Great! Some one gets my humor.

The tank is about 1 year old. I had just a Pleco in it for a year. He died, poor thing...Don't know what happenend, it just went belly up.

All of the works means that here is some decor and fake plants. Everything it needs to provide thick cover for all four fish.

The tanks parameters are just fine, the reason for the algae outbreak was because of the artifical light and the natural light both hitting the water for about eight hours a day for three weeks straight.

So the question is...Do think they can be friends?


----------



## Guest (May 23, 2006)

well i wouldnt trust the jack dempseys for too long....


----------



## flaxcrack (May 23, 2006)

The little girl said they should be fine....I feed the Jack's 4 feeder fish, it was their first time eating live food since I have had them, today and now they look pregnant, I just hope that doesn't encourage them to try and eat the other fish. Although, the CAE seem about twice the size of the Jacks.

Is there ANYTHING I can do?


----------



## flaxcrack (May 23, 2006)

WOW! This is weird! My Jack's look like this guys fish: http://www.fishforums.com/forum/cichlids/9187-any-experience-these-guys.html, but he is saying that it is a Red Top Aristochromis. Neat!!!!


----------



## Guest (May 23, 2006)

> He died, poor thing...Don't know what happenend


Probably because he was stunted. If it was a common pleco, a 12g was way too small for him.

Just like the 12g is way too small for your Jacks, if that is what they are. It is too small for even one.

And CAE's can get up to 12 inches...so the 12g will be too small for it/them also. They also get more aggressive and carnivorous with age, so watch them so they don't go after the Jacks' slime coats.
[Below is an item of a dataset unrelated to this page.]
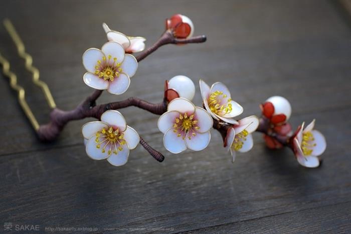 Đi cùng với một bộ kimono trang trọng, thanh lịch là chiếc trâm cài kanzashi tinh tế, tao nhã. Làn tóc của các cô dâu trong ngày cưới thường được bới cao, gọn gàng, điểm xuyết trên đó là những chiếc trâm cài xinh đẹp.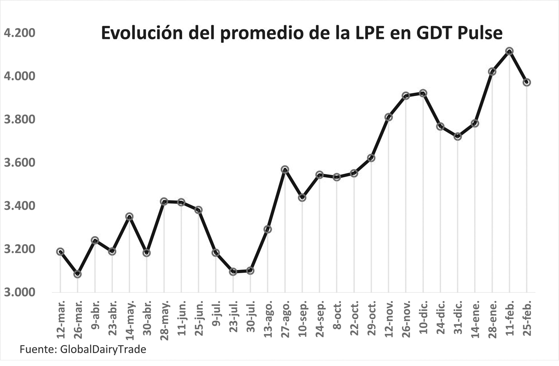 El precio promedio obtenido para la leche en polvo entera (LPE) fue de US$ 3.972 por tonelada, lo que representa una caída del 3,5% respecto a la licitación anterior del sistema Pulse (-US$ 145). En tanto que, respecto a la cuarta venta de Pulse del año pasado, se observa un aumento del 22,4% sobre los US$ 3.245 de aquel momento.

> Is there ANYTHING I can do


Get a bigger tank.
If they are in fact Jacks, then a 55g-75g will be a better long term home for them. And a more appropriate home for when they get bigger.


----------



## rywill (Nov 22, 2005)

best way to find out if u have JD's is to post a pic and let us tell u. 
http://i43.photobucket.com/albums/e395/rywill/100_0530.jpg
this is my male dempsey, if urs is a JD it will have the same body shape, the pic of mine u were referring to has a longer more slender body.


----------